One of my hens has taken to laying her eggs somewhere other than the coop’s nest boxes. This isn’t allowed, for obvious reasons. She has to be ‘broken’ of her attachment to her new nest site, but it has not been easy.
Discovering the Hidden Spot
With autumn underway, we’ve been gathering the early leaves and storing them. When placing a load in the “bin” (made of pallets), there was a shallow depression in the pile and several eggs at the bottom. For a few days, one of the hens had been jumping up into the bin and finding a new place to lay her eggs.
Ineffective Barrier
I figured that if the mystery hen couldn’t get into her secret nest anymore, she would go back to laying in the nest boxes. To keep the hen from getting into the bin, I stapled sections of plastic fencing around the front (the opening). I thought I had been pretty thorough and made things sufficiently discouraging. Not discouraging enough for a determined hen, apparently.
Fowl Persistence
A few days later, while taking food scraps to the compost bin, I glanced over to see a patch of red among the leaves in the leaf bin. Somehow, she got in again. I chased her out and made the barrier more complete. I tried to herd her to the coop to lay her egg, but she was having none of it. Suspecting that she would be back, I putzed down near the bin. Only a few minutes later, she ambled up to the bin. I got to see how she was getting in.

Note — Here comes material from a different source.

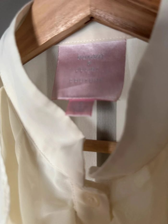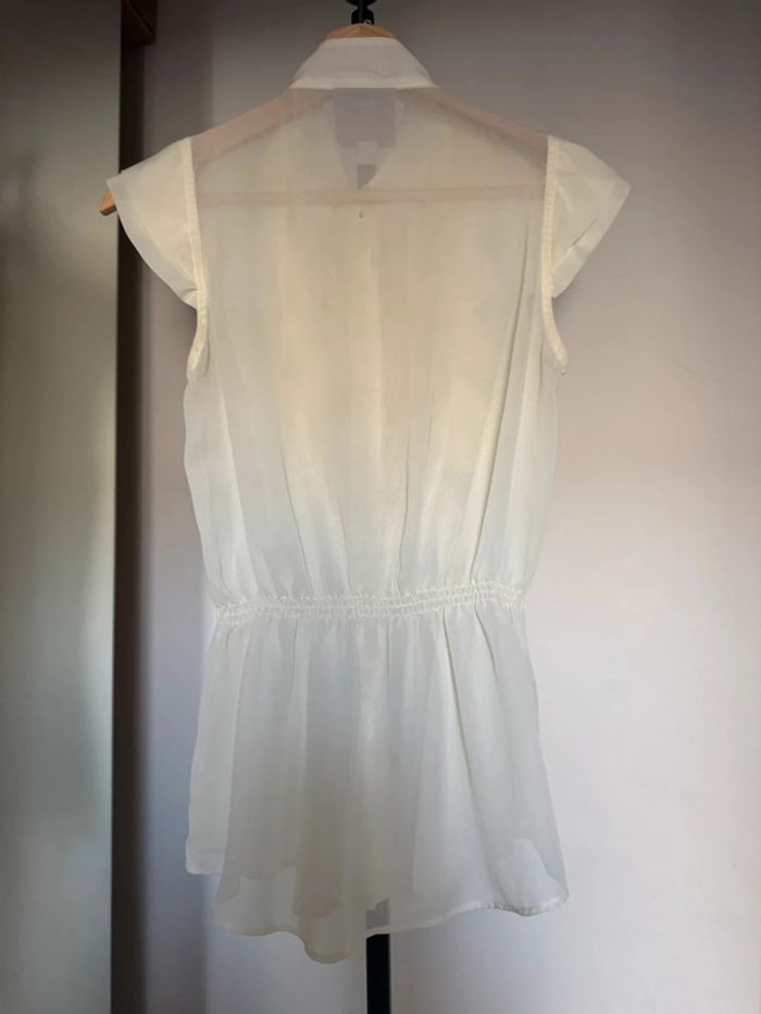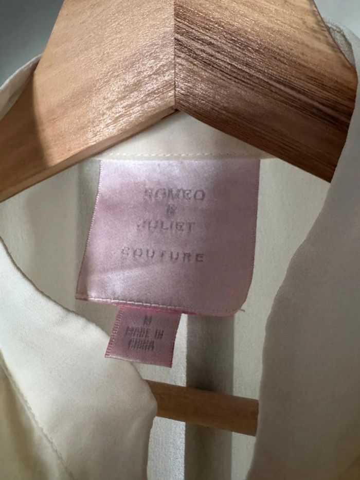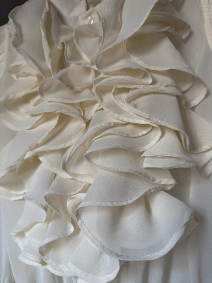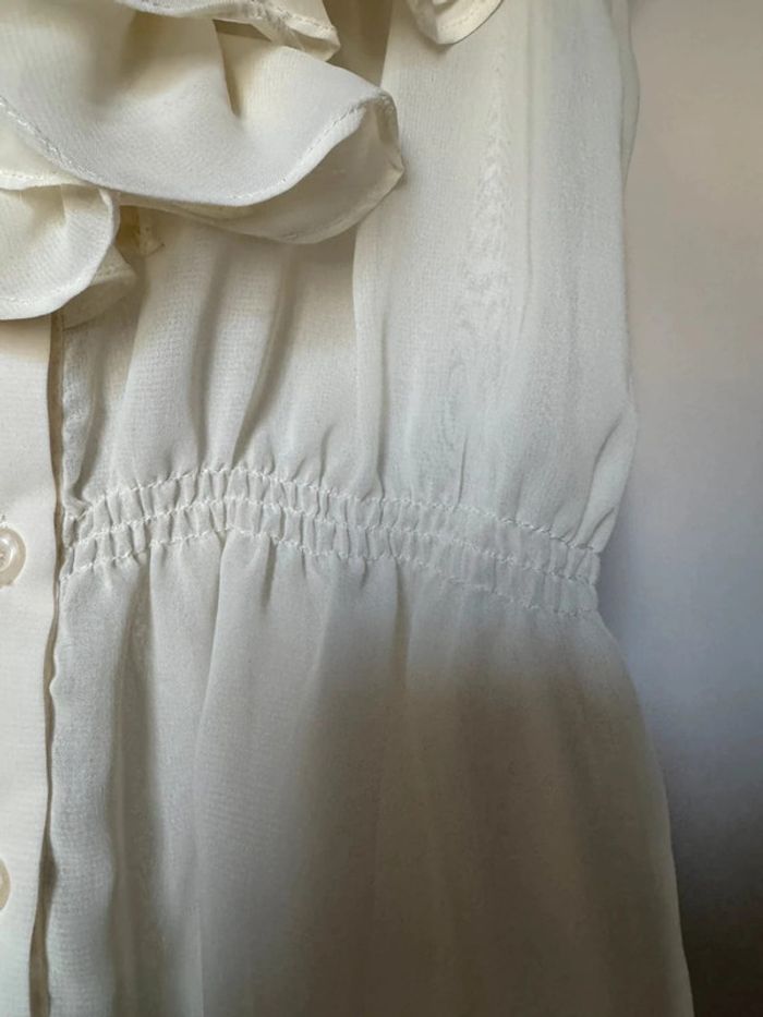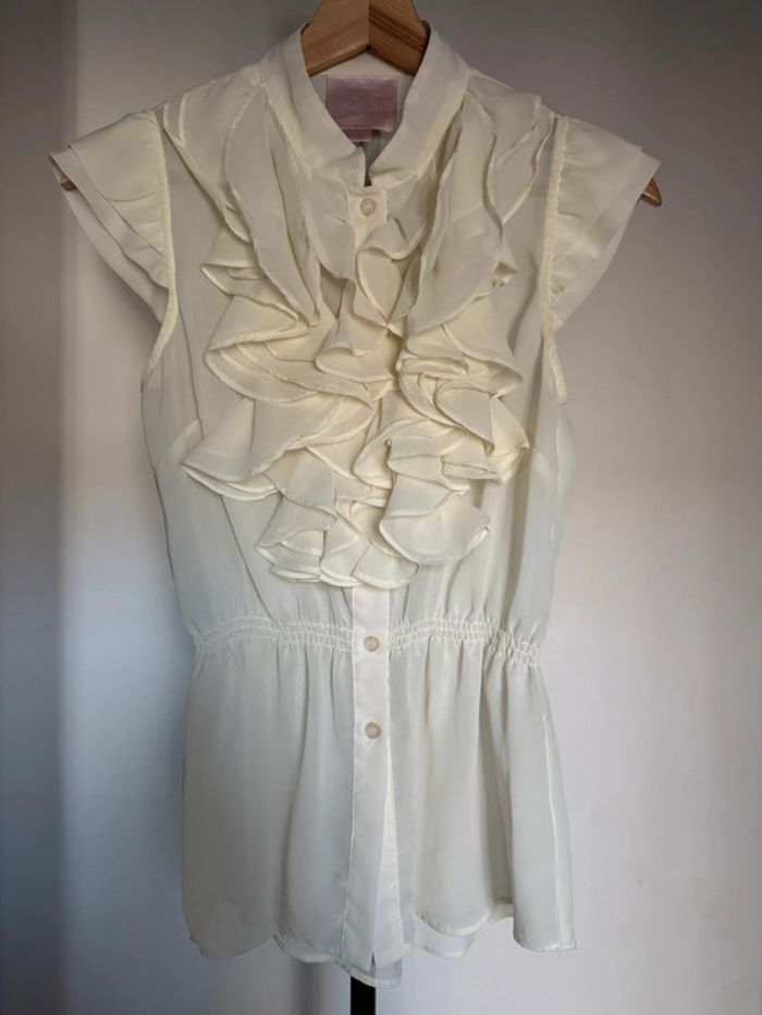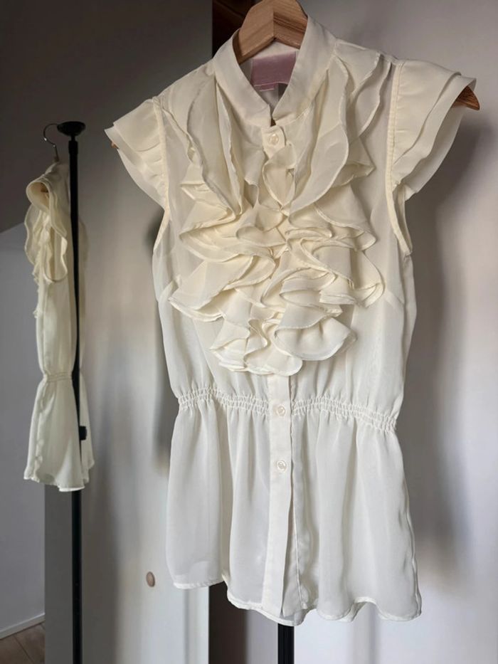 blouse boutonnée avec courte manchettes type chemisier crème, orné de volants sur le devant coupe cintré au niveau de la taille sur élastique style élégante et raffinée en taille M de chez Romeo & Juliet couture En très bon état
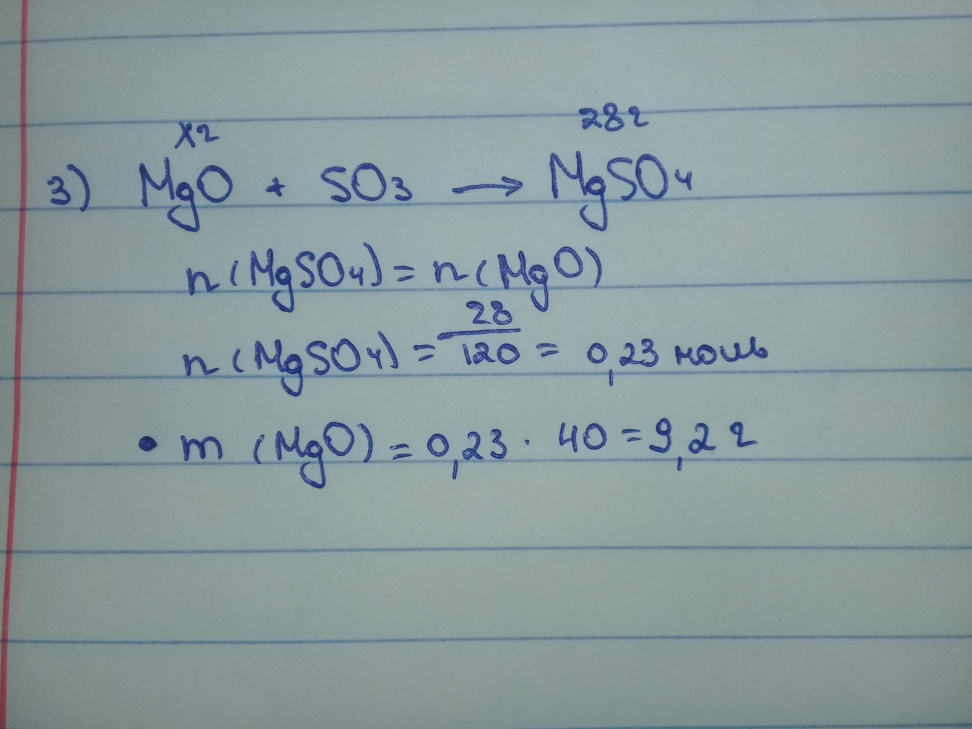3. При взаимодействии оксида магния и оксида серы VI образовалось вещество массой 28 г.

She would fly up and hold onto the mesh with her toes, continuing to flap and climb. When she got to the top (the underside of the ‘roof’ pallet) she fell in over the top edge of the fencing that had sagged down under her weight. I doubt she thought about how she’d get out later. When I chased her out, there were three more eggs in her clandestine nest. Grr. She had been at it for at least three more days.
Flock Lock Down
I didn’t want my wayward hen finding a new secret nest, or teaching the others to nest in the wild. She had to be confined to quarters, so to speak, until the wanderlust faded. The only way to do this, however, meant that all of the flock had to be confined to quarters too.
So, the rest of the hens and the rooster were herded into the coop and run and the door locked. They’ll miss their free-ranging, but the wayward hen needs to re-learn the nest boxes.
We’ll see how well this goes.
Looking forward to the New Adventures of the Chicken Wrangler aka Warden 🙂
Seriously I am interested in how your going to cure this situation before it becomes a flock issue.
The plan thus far is to leave them in lock-down for maybe a week, giving the wandering hen no place else to lay her eggs. I’m hoping this will imprint the nest box as the ‘proper’ place. We’ll see. If she continues to go feral, even after re-orientation, she will get traded to another team. I’ve got five young hens about to come online in a month or two. I don’t need a troublemaker.